She is credited with having written some 2,500 songs, the best known of which, "He Looked Beyond My Fault and Saw My Need", was inspired by her dying brother's acceptance of Christ. Other notable entries in the Rambo songwriting catalogue include the 1982 Gospel Music Association Song of the Year, "We Shall Behold Him", as well as "Sheltered in the Arms of God", "Mama's Teaching Angels How to Sing" and the Dove Award-winning "Go to the Rock", which received a memorable performance by Whitney Houston in the film The Preacher's Wife (1999). Other artists who have covered her songs include Elvis Presley, Carol Channing, Bill Monroe and Jerry Lee Lewis.
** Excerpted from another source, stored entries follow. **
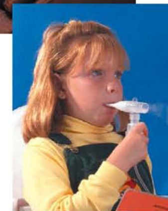
Children with respiratory diseases should be monitored closely during smoke alerts.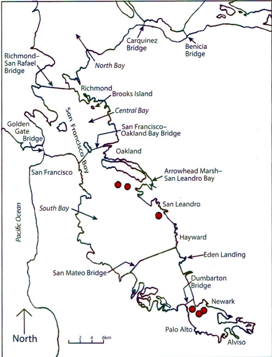
Figure 1. Map of the study area of San Francisco Bay with all catch events (red circles) in this study restricted to South San Francisco Bay and close to known parturition or mating sites.

Between 1970 and 2001, data collection was conducted monthly primarily between the San Francisco Bay Bridge (37.800 N, 122.3667 W) and the entrance of Alviso Slough (37.450 N, 122.017 W) at the south end of San Francisco Bay (Figure 1). There were 224 catch events (one technique, location, date, and time) using long-lines ( n = 146 ), rod and reel ( n = 36 ), and otter trawl ( n = 42 ) (Russo 2019).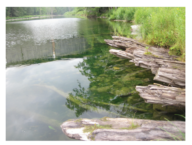
Timber structure creating pool for fish habitat (A182)

A covered bridge, located at Station 17320, was documented as in good functional condition and fair structural condition with scour documented behind the right abutment. The bridge has a normal and effective span of 108 feet, and encroaches two feet on the right bank and four feet on the left bank. It is constructed of wood timbers with bridge approaches supported by stone abutments. The bridge was identified as County Bridge 192C, and appears to be open for pedestrian traffic based on trails observed nearby and officially remains a town road. This bridge, known as the Halls Mills bridge locally, was in active use as the primary access point for all the residences on the west side of the river until the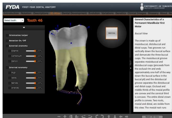
Figure 4: Screenshot of the 3D Atlas with all navigational and functional features displayed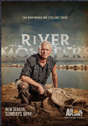
RIVER MONSTERS (2009-2017) Discovery Channel / Animal Planet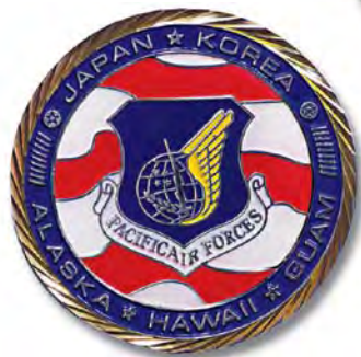
Diamond Cut Edge

Each medallion is die-struck metal and plated in gold, silver, bronze, nickel or black nickel. Sandblasting and brushing provide contrast with the highly polished raised areas. Hand finished and elegant, these can be produced with or without colorfill.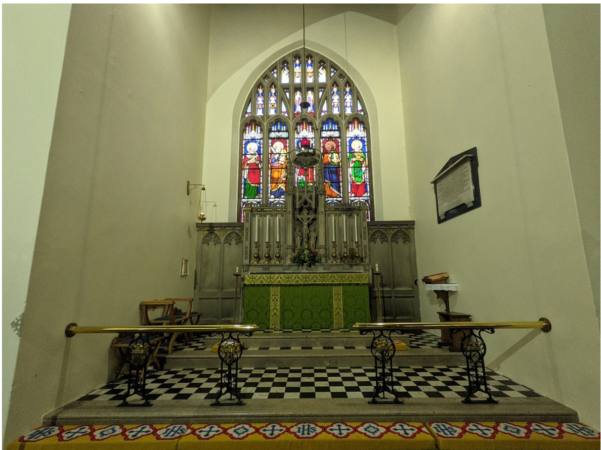
Fig. 4 | Church Photographs (4.1 + 4.2 Interior)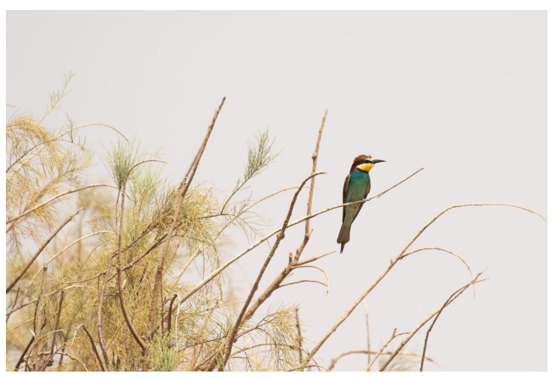
European Bee-eater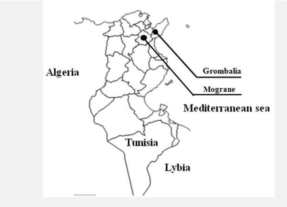
Figure 1. Geographical location of the experimental fields.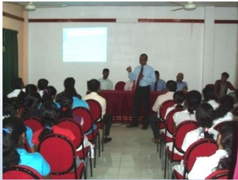
The awareness program conducted for employees concurrently Dayata Kirula, Anuradhapura.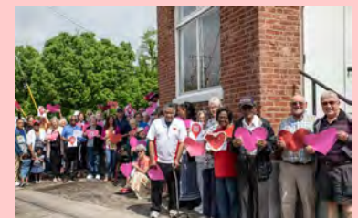
Above: First Baptist Church, 8th St.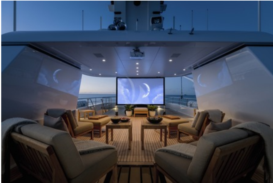
Sun deck cinema set up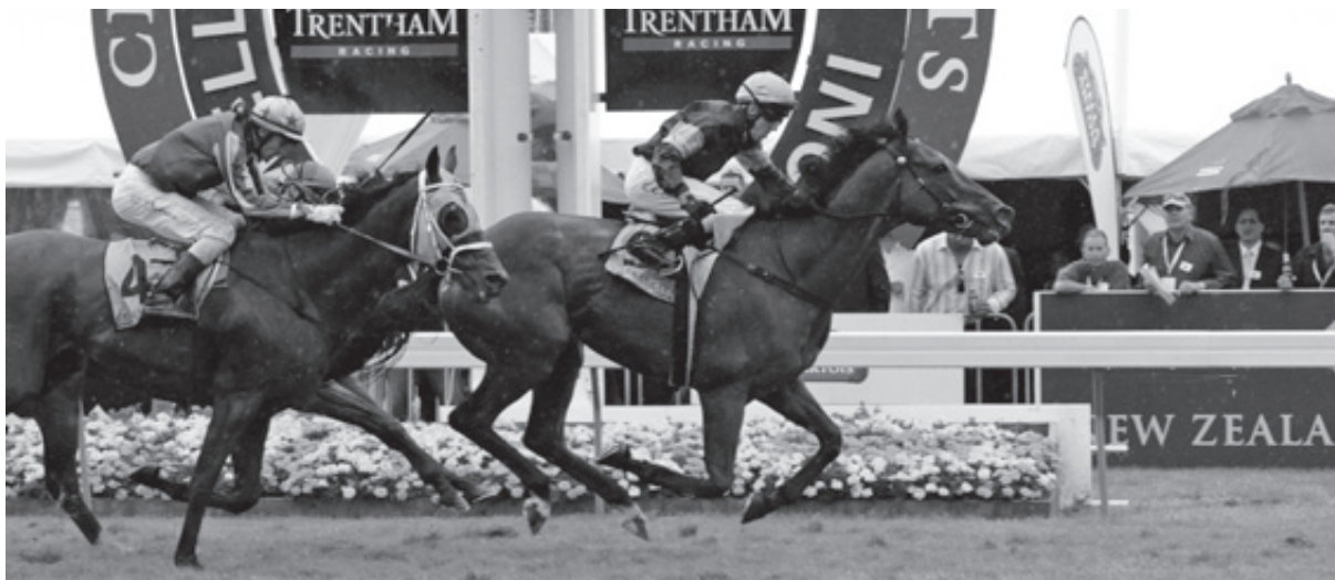
SPIRO winner of the Wellington Cup

The three day Manawatu RC Christmas racemeetings was again plagued by bad weather but this did not stop quality horses winning over the carnival. On the first day the New Zealand Bloodstock Filly of The Year, KINGS ROSE would destroy a top field to win the Group Three $70,000 Ezibuy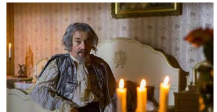
Duch Nad Zlato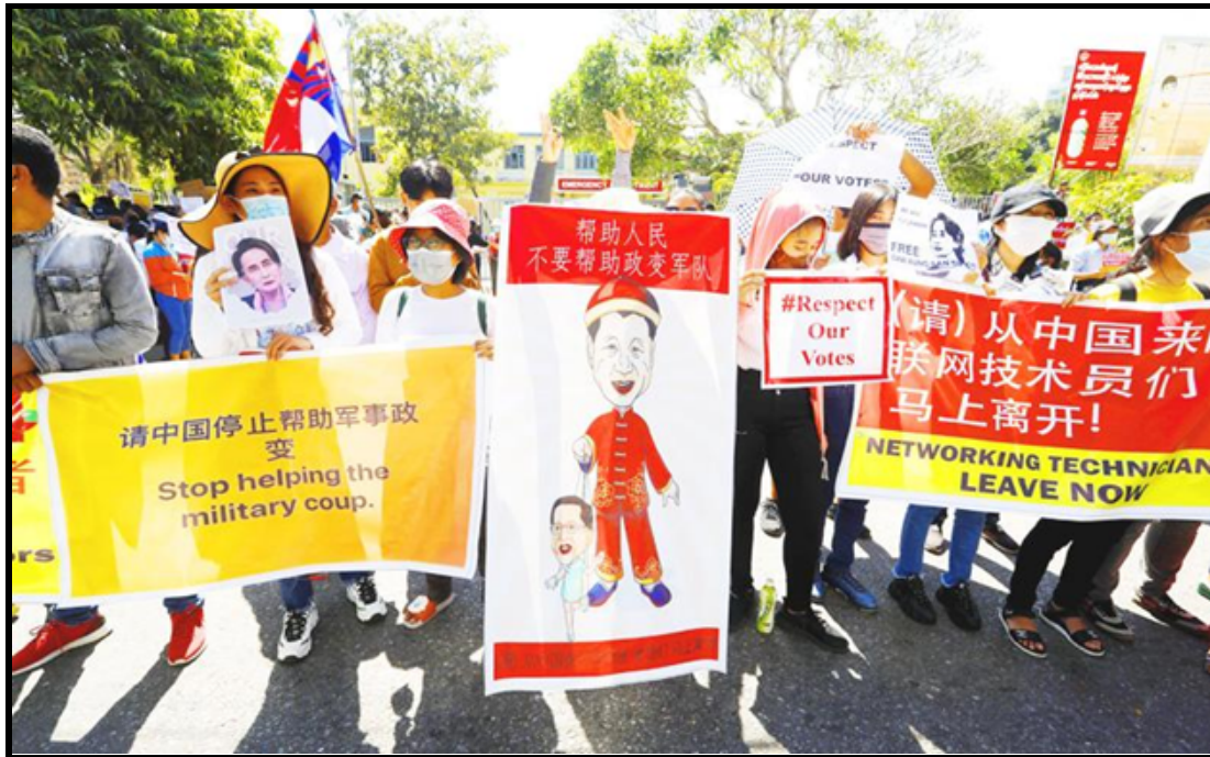
Image: Anti-coup protestors demonstrate outside the Chinese embassy holding signs in both Mandarin and English that are aimed at an international audience, on February 11.

China is concerned about the instability and unrest in Myanmar. Anti-coup protests are showing no signs of abating and have also included anti-Chinese elements ( The Irrawaddy , March 8; Rappler , March 15). Continued unrest would jeopardize China's many state and private investments in Myanmar and would at a minimum slow down the implementation of projects. Many in Myanmar believe that Beijing had a hand in the coup and is providing the junta with the technical know-how to block social media and access the personal data of pro-democracy activists. Protestors have been staging rallies outside the Chinese Embassy in Yangon and are calling on the Chinese government to stop supporting the junta ( The Irrawaddy , February 15).

She was born Joyce Lutrell in rural Kentucky and at the age of 12 she became a born-again Christian, then left home to perform in a trio called the Gospel Echoes. In 1950, "Dottie" met Buck Rambo at a revival meeting. They married and began performing together as the Singing Rambos, achieving greater fame when eventually joined by their teenage daughter Reba.

In 1967 the trio performed for US troops in Vietnam, where they were billed as the Swinging Rambos, allegedly because military authorities believed that the Viet Cong would view a Christian singing group as a target. The following year Dottie Rambo won a Grammy for her album It's the Soul of Me. Shortly thereafter the Singing Rambos signed to Heartwarming Records, for whom they went on to make a series of albums, Reflections (1971), These Three are One (1975), The Son is Shining (1976) and Down by the Creek Bank (1978) among them, that represent their best work.

By the late 1980s Dottie Rambo was experiencing health problems, including partial paralysis, and in 1994 she and Buck divorced. Her career as a performer effectively stalled until the release in 2003 of Stand by the River. A further solo album, Sheltered, is scheduled for release later this year.

Paul Wadey

Joyce Reba "Dottie" Lutrell, singer, songwriter and guitarist: born Madisonville, Kentucky 2 March 1934; married 1950 Buck Rambo (one daughter; marriage dissolved 1994); died Mount Vernon, Missouri 11 May 2008.